The allocate function will allocate a single bo, pin and map it to kernel
memory. It will return the gpu address and cpu ptr as arguments.
v2:
The bulk of the allocations in the GART is for MQDs. MQDs represent active
user-mode queues, which are on the current runlist. It is important to
remember that active queues doesn't necessarily mean scheduled/running
queues, especially if there is over-subscription of queues or more than a
single HSA process.
Because the scheduling of the user-mode queues is done by the CP firmware,
amdkfd doesn't have any indication if the queue is scheduled or not. If the
CP will try to schedule a queue, and its MQD is not present, this will
probably stuck the CP permanently, as it will load garbage from the GART
(the address of the MQD is given to the CP inside the runlist packet).
In addition, there are a couple of small allocations which also should
always be pinned - runlist packets (2 packets) and HPDs. runlist packets can
be quite large, depending on number of processes and queues.

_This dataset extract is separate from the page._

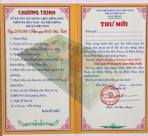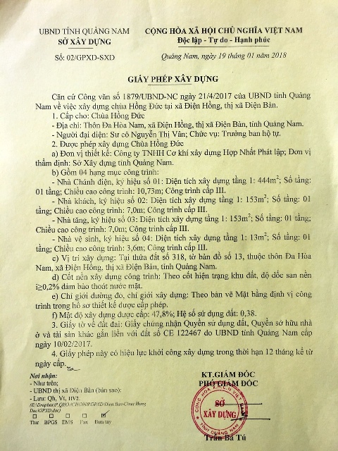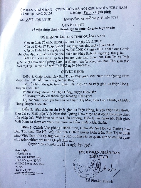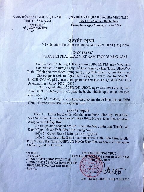 Thấu hiểu nỗi lòng của người dân nơi đây, trong nhiệm kỳ IV (2012 – 2017) Trưởng lão Hòa thượng Thích Thiện Duyên, nguyên Trưởng Ban Trị Sự GHPGVN tỉnh Quảng Nam đã một mặt động viên bà con Phật tử tín tâm tin tưởng vào sự gia hộ của Tam Bảo, một mặt Hòa thượng đã tìm mọi cách tác động đến Ban Tôn Giáo và UBND tỉnh. Kết quả thật đáng khích lệ, ngày 22/07/2014 UBND tỉnh đã ký quyết định số 2286/QĐ-UBND chấp thuận cho Giáo hội thành lập tổ chức Tôn giáo trực thuộc GHPGVN tỉnh Quảng Nam và tiếp theo quyết định này ngày 11/08/2014 Hòa thượng nguyên Trưởng Ban Trị Sự PG tỉnh đã ký quyết định số 169/QĐ-BTS cho phép thành lập Chùa Hồng Đức tọa lạc tại xã Điện Hồng, thị xã Điện Bàn.

This new allocate function represents the short/mid-term solution of limiting
the total memory consumption to around 4MB by default.
The long-term solution is to create a mechanism through which radeon/ttm can
ask amdkfd to clear GART/VRAM memory due to memory pressure.
Then, amdkfd will preempt the running queues and wait until the memory pressure
is over. After that, amdkfd will reschedule the queues.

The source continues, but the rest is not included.